Не Ахилесов гнев и не осаду Трои,
Где в шуме вечных ссор кончали дни герои,
Но Душеньку пою.
Тебя, о Душенька! на помощь призываю,
Украсить песнь мою,
Котору в простоте и вольности слагаю.
Не лиры громкий звук — услышишь ты свирель… —
(с. 46)
так начинает свою поэму Богданович. В сознательном предпочтении, которое отдает автор истории любви Амура к Психее перед подвигами богов и античных героев, отразилась свойственная поэзии херасковцев склонность к разработке камерной интимной тематики. Эту линию творчества дворянских поэтов 1760-х гг. и развивал Богданович, распространив ее на область эпического жанра шутливой поэмы.

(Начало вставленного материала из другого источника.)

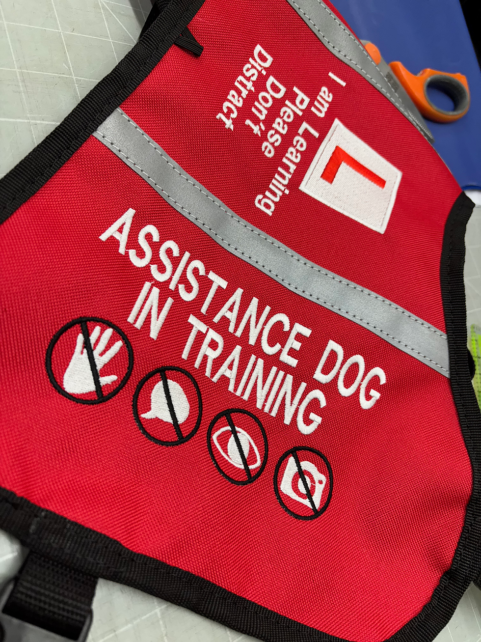 We offer a large range of vests for Training dogs to working Assistance Dogs that are ready to ship. Math is involved to determine what size suits your dog best.

Главное, что несла с собой открытая Богдановичем манера эпического повествования, — это возможность проявления в данном жанре личности автора. Тот тон задушевной непосредственной беседы автора с читателем, в котором выдержано все повествование «Душеньки», полностью противоречил традиционным нормам высокого эпического стиля. Автор выступал своеобразным очевидцем событий, доверительно комментируя происходящее, сообщая читателю интимные подробности невероятных приключений героини. После описания дворца, в котором Амур поместил Душеньку, Богданович замечает:
Желал бы описать подробно
Другие редкости чудесных сих палат,
Где все пленяло взгляд
И было бесподобно,
………………
И если я сказал о сих палатах мало,
Конечно в том меня читатели простят,
Я должен следовать за Душенькою в сад,
Куда она влечет и мысли всех и взгляд.
(с. 78)
В подобном насыщении эпического повествования ремарками от автора зарождались предпосылки повествовательной манеры, родственной манере Пушкина в его сказочной поэме «Руслан и Людмила», а также романе в стихах, с их проникновенными лирическими отступлениями.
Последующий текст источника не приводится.